I solved my problem now. For anyone who has come to my question in the future the solution was as followed.
I cloned my raspberry pi images because i wanted a basicConfig.img for when i needed to add a new node to my cluster of when one gets down.
Weave network (the plugin i used) got confused because on every node and master the os had the same machine-id. When i deleted the machine id and created a new one (and reboot the nodes) my error got fixed.

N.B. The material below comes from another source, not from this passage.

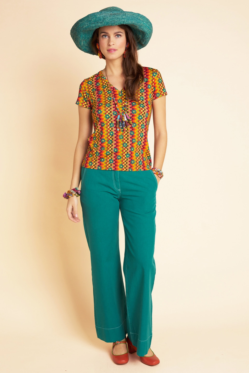 Opt for originality and comfort with our Mauve t-shirt. Its slim fit highlights the silhouette, while its V-neck offers subtle elegance. The exclusive print Antoine and Lili, composed of colorful waves and small flowers, brings dynamism and a colorful charm to this room.

The commands to do this was
sudo rm /etc/machine-id
sudo rm /var/lib/dbus/machine-id
sudo dbus-uuidgen --ensure=/etc/machine-id
Once again my patience was being tested. Because my kubernetes setup was normal and my raspberry pi os was normal. I founded this with the help of someone in the kubernetes community. This again shows us how important and great our IT community is. To the people of the future who will come to this question. I hope this solution will fix your error and will decrease the amount of time you will be searching after a stupid small thing.
You can see if it's network related by finding the node trying to pull the image:
kubectl describe pod <name> -n <namespace>
SSH to the node, and run docker pull nginx on it. If it's having issues pulling the image manually, then it might be network related.